Книга Волошинова о фрейдизме относится скорее к социологии, нежели к эстетике. Однако автор комментирует иногда и литературные вопросы. Например, организацию сюжета и траекторию европейского буржуазного романа. «Сплошная сексуализация семьи» во фрейдистской теории «чрезвычайно показательна и в высшей степени интересная черта», – признает он [Волошинов 1993: 90]. Фактически семья, этот «устой и твердыня капитализма», перестала быть социально оправданной и признанной. Жизнь современного капиталистического общества стала настолько бессмысленной, что семья, даже распадаясь, все еще принимается как данность. Но, продолжает Волошинов с иронией, учение Фрейда предлагает удобное «как бы новое осмысление, “остранение”, как сказали бы наши “формалисты”. Эдипов комплекс, действительно, великолепное остранение семейной ячейки. Отец не хозяин предприятия, сын – не наследник, отец – только любовник матери, а сын – его соперник!» [Волошинов 1993: 9].

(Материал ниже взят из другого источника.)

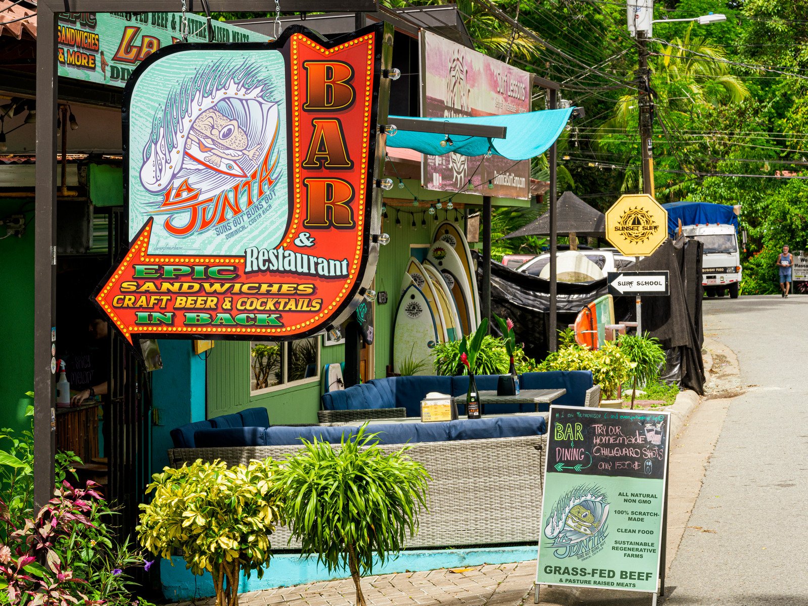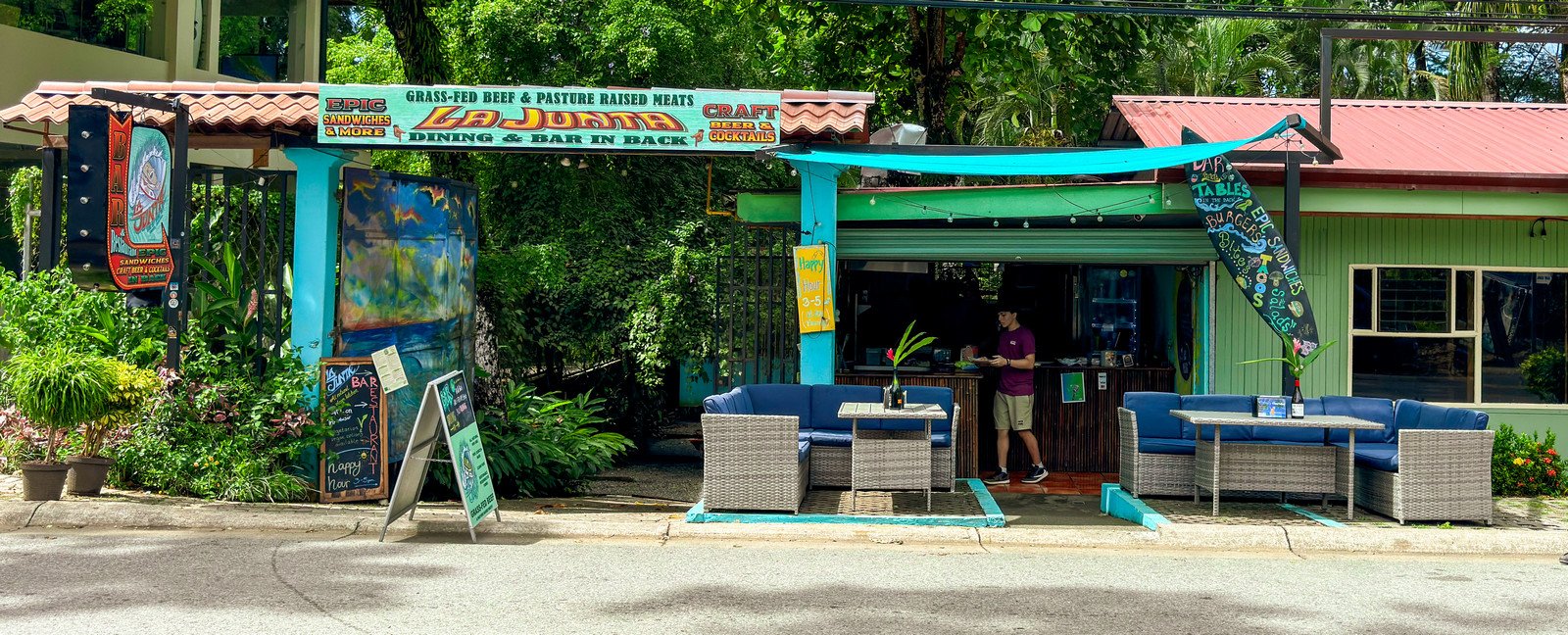 La Junta has built an excellent reputation and is currently ranked #1 on TripAdvisor in Dominical, with outstanding reviews and strong visibility on Google. The restaurant is well known for its delicious sandwiches, creative menu, and exceptional cocktails. It features a full bar with a bartender preparing signature drinks and cocktails, making it a popular spot for both visitors and locals.
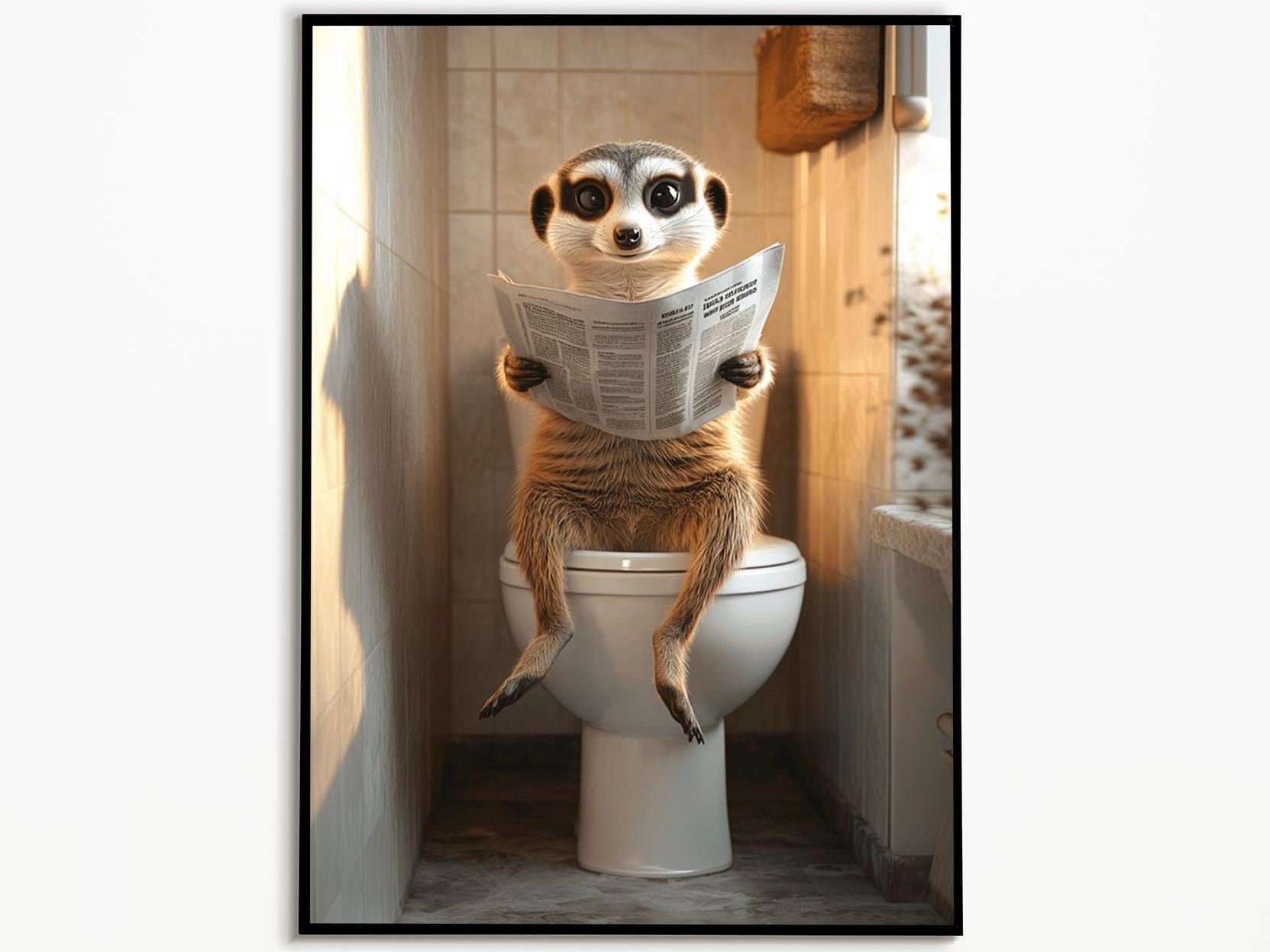 Meerkat on the toilet, bathroom pictures, funny animal picture, gif...

Волошиновская критика наиболее грубых допущений фрейдизма сама по себе не вызывает удивления. Удивительно то, что подобная фронтальная дискредитация не стала нормой в 1920-х годах. В своей истории психоанализа в России «Эрос невозможного» Александр Эткинд отмечает знаки живого и активного увлечения психоанализом после революции на многих уровнях [Эткинд 1993: особенно глава 6 «Психоанализ в стране большевиков»]. Сюда следует отнести и всплеск интереса к фрейдизму среди высокопоставленных большевиков; и широкую кампанию по переводу всего Фрейда на русский язык в 1922–1928 годах; и искусные попытки скрещивания Фрейда с Марксом как двух пророков немистической, секулярной этики, достигшие пика в 1925-м; и интерес к теоретическим аспектам бессознательного в противовес фрейдистскому редукционизму – сведению бессознательного к сексуальности; и взаимодействие практикующих психоаналитиков, Русского психоаналитического общества (основанного в 1911-м и возрожденного в 1921 году); и литературную критику, образцом которой следует признать творчество неутомимого Ивана Ермакова (1875–1942). Революционно настроенные русские защитники Фрейда особо ценили монистические, детерминистские, потенциально диалектические аспекты его доктрины, которая, как многим казалось, совместима с материализмом и, следовательно, вполне сопоставима с достижениями Павлова в нейрофизиологии [Miller 1985: 635–636].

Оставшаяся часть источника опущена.